Максим, между тем, как завороженный смотрел на ее пышные развевающиеся волосы, окутывающие лицо золотистым туманом, и отблески свечей в больших темных глазах.
– Садитесь уже, старый год проводим, – нетерпеливо потребовала Люба.
Разлили вино, чокнулись.
– Ах, хозяйки! Ну, хозяйки! Вот уж расстарались! – Иван Петрович с явным удовольствием оглядел стол. – Дайте-ка и я вам подарочек сделаю. Детворе вез, да и взрослым, думаю, сгодится. Погодьте минутку, не наливайте. Эх, подарки надо бы под елку положить, да в такую метель их и не найдешь, пожалуй.
Иван Петрович схватил куртку, и, как был, без шапки, бросился на улицу.

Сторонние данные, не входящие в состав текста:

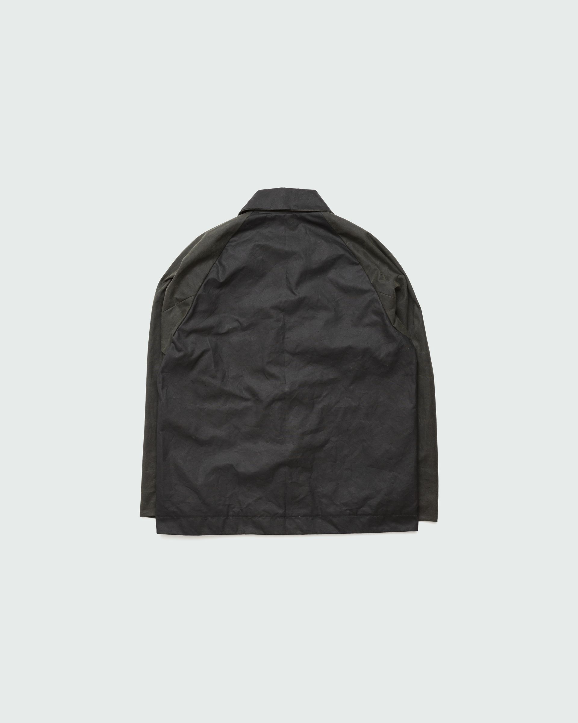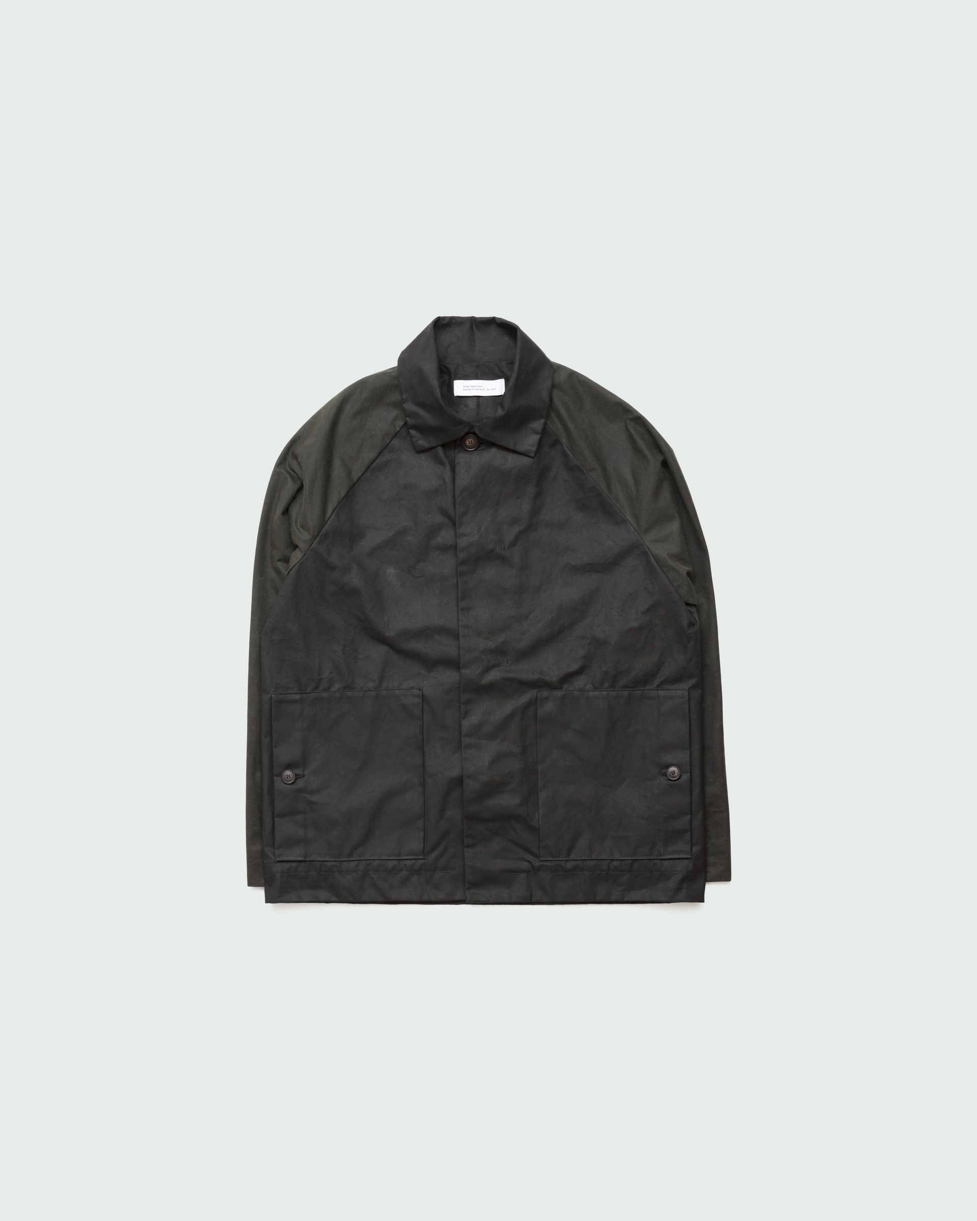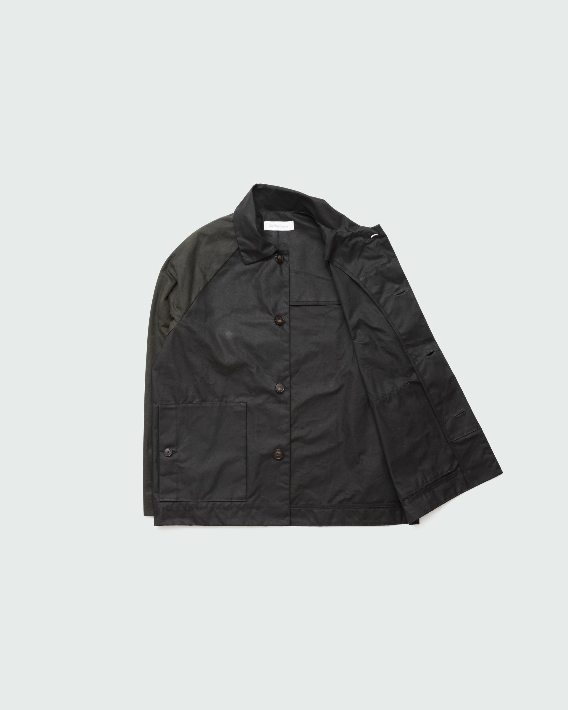 Relaxed jacket featuring raglan shoulders, two horn button side pockets and inside edging. Seals by hidden horn buttons. Unisex.

– Вы же замерзнете! – крикнула ему Татьяна.
– Не беспокойся, голубушка, я на минутку.
Вернулся он, действительно, скоро и принес с собой коробку, в которой что-то поскрипывало и пищало.
– Это нашей главной хлопотунье, Любовь, не знаю, как вас по батюшке…
– Ефимовна я.
– Любовь Ефимовна, это вам. Самый главный, можно сказать, редкий подарок. И вам веселее, и для семьи польза.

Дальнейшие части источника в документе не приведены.